__WHAT YOU ARE ASKED TO DO__: Word for word, repeat the data that follows. Do not include the pictures.

__COLLECTED DATA__:
• • •

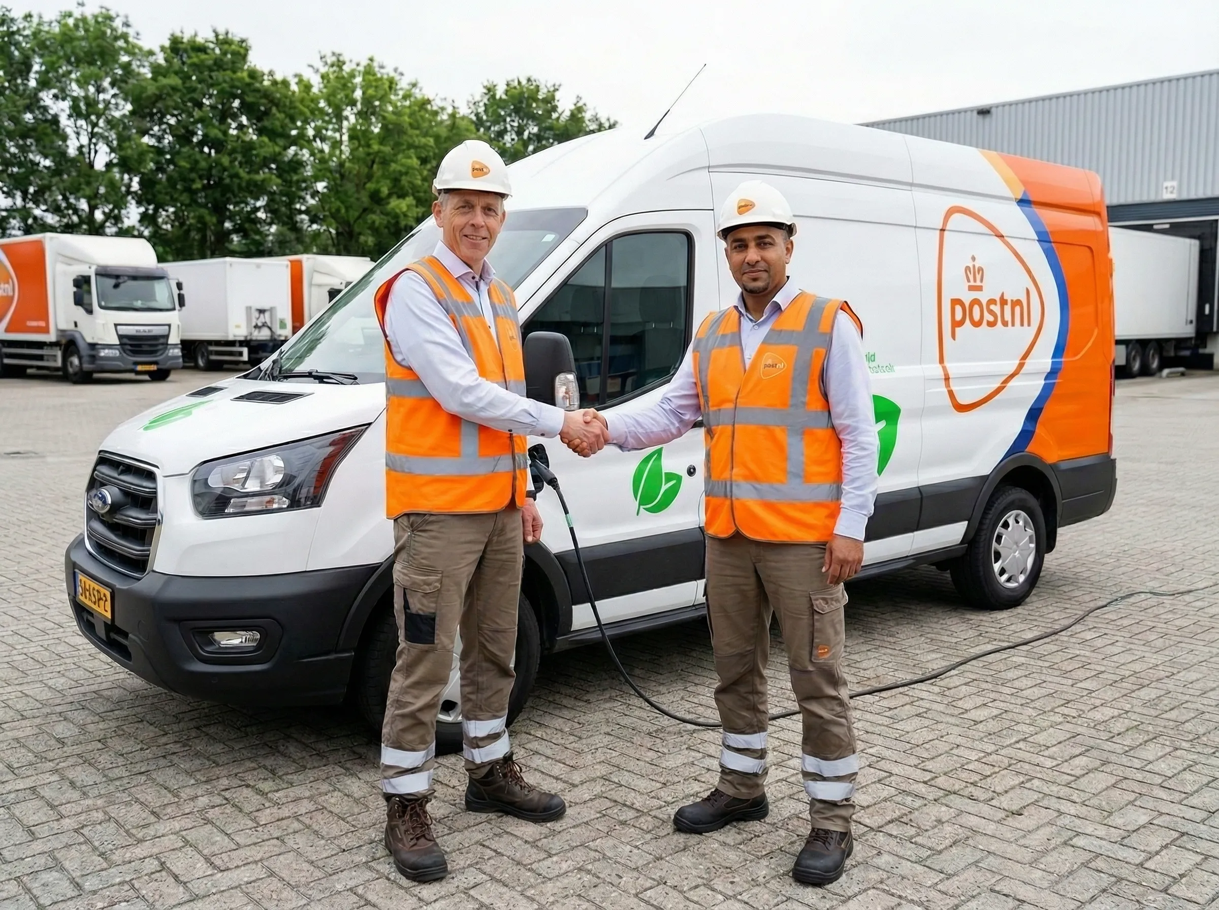 Een laadplein in Veghel op bedrijventerrein De Dubbelen waar meerdere laadpunten slim worden aangestuurd binnen de grenzen van de bestaande aansluiting.
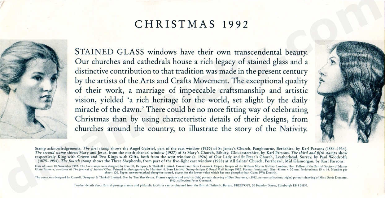 Stamp acknowledgements. The first stamp shows the Angel Gabriel,
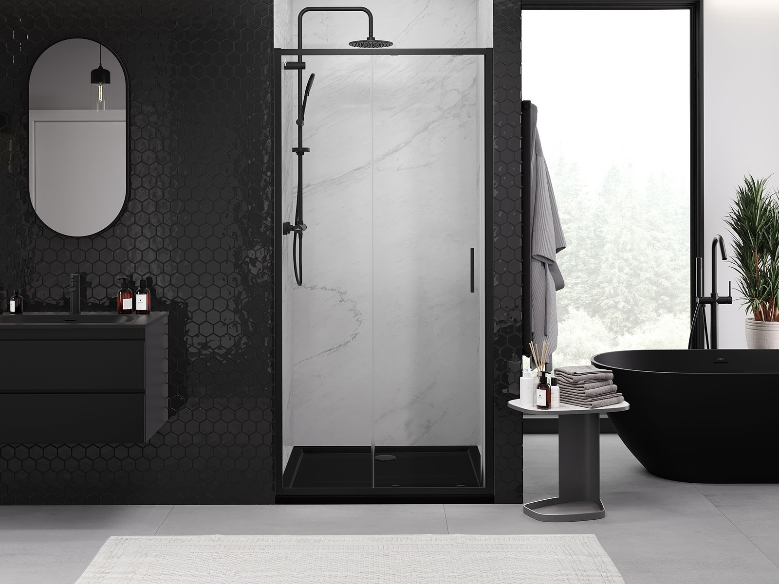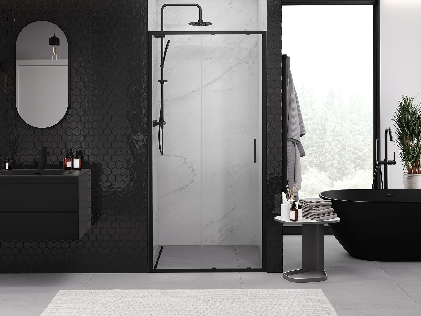 Mexen Exo tolóajtós zuhanyajtó 110 cm, átlátszó, fekete - 8151-110-000-70-00
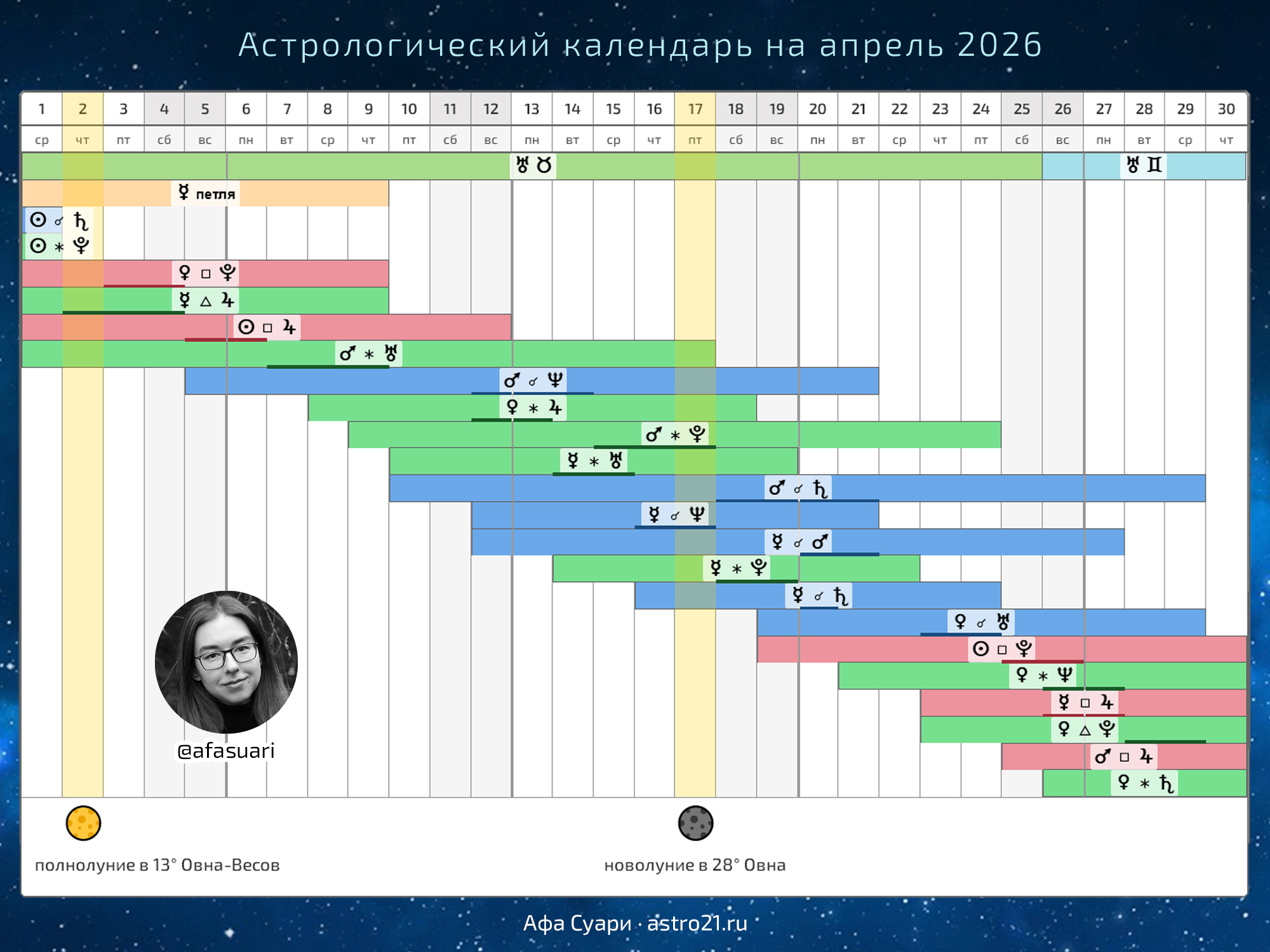 Астрологический календарь на апрель 2026 от Афы Суари @afasuari

• • •

__YOUR SOLUTION__:
 Een laadplein in Veghel op bedrijventerrein De Dubbelen waar meerdere laadpunten slim worden aangestuurd binnen de grenzen van de bestaande aansluiting.
 Stamp acknowledgements. The first stamp shows the Angel Gabriel,
 Mexen Exo tolóajtós zuhanyajtó 110 cm, átlátszó, fekete - 8151-110-000-70-00
 Астрологический календарь на апрель 2026 от Афы Суари @afasuari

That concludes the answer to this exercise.